Collaborations, especially interdisciplinary ones, can lead to unexpected discoveries.
That's what Dr. Roland Strong, structural biologist in the Basic Sciences Division, realized when his laboratory solved the three-dimensional structure of an immune-system complex studied by immunologist Dr. Thomas Spies and colleagues in the Clinical Research Division.
Strong's group, using a technique known as X-ray crystallography, clarified the structures of two proteins whose interaction triggers an immune-system response to kill virus-infected cells.
The study, led by postdoctoral fellow Dr. Pingwei Li and published in the May issue of Nature Immunology, builds on Spies' identification of the MIC and NKG2D proteins and characterization of their role in the body's defense system.
While most protein interactions require that partners merge in a relatively fixed manner, much as a key fits a lock, one of the components in this immune-system pair, NKG2D, exhibits a promiscuity that is "virtually unprecedented in structural biology," Strong said.

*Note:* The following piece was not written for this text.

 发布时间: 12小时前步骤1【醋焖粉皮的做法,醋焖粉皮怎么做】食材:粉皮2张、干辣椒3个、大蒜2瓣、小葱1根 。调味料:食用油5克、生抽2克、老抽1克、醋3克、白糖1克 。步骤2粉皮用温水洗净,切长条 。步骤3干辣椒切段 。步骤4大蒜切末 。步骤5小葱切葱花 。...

"NKG2D can bind not only to different parts of its partner protein, MICA, but also to structurally different variants of MICA," he said. "That goes against what we know about typical protein-protein interactions."

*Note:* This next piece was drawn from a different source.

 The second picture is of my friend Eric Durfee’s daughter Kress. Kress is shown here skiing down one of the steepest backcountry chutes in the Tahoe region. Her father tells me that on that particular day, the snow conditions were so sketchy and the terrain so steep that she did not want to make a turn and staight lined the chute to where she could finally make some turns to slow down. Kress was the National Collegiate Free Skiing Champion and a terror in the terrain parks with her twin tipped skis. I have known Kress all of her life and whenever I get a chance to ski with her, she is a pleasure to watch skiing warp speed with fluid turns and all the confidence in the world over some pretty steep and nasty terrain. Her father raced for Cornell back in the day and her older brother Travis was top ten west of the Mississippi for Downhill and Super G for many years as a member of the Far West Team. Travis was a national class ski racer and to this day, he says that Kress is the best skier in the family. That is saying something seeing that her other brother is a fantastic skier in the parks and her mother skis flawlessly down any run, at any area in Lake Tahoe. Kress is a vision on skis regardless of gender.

NKG2D is a protein found on the surface of two types of immune-system cells, T cells and natural killer cells. Its role is to help them find unhealthy cells in the body - such as cancer cells or those infected by viruses - by looking for molecular clues, one of which is the cell-surface protein MICA.
When a cell is stressed, such as by infection with a pathogen, it synthesizes MICA, which studs the surface of the cell and acts as a distress signal.
Recognition of MICA by immune cells bearing NKG2D triggers a cascade of events that ultimately result in the destruction of the stressed cell.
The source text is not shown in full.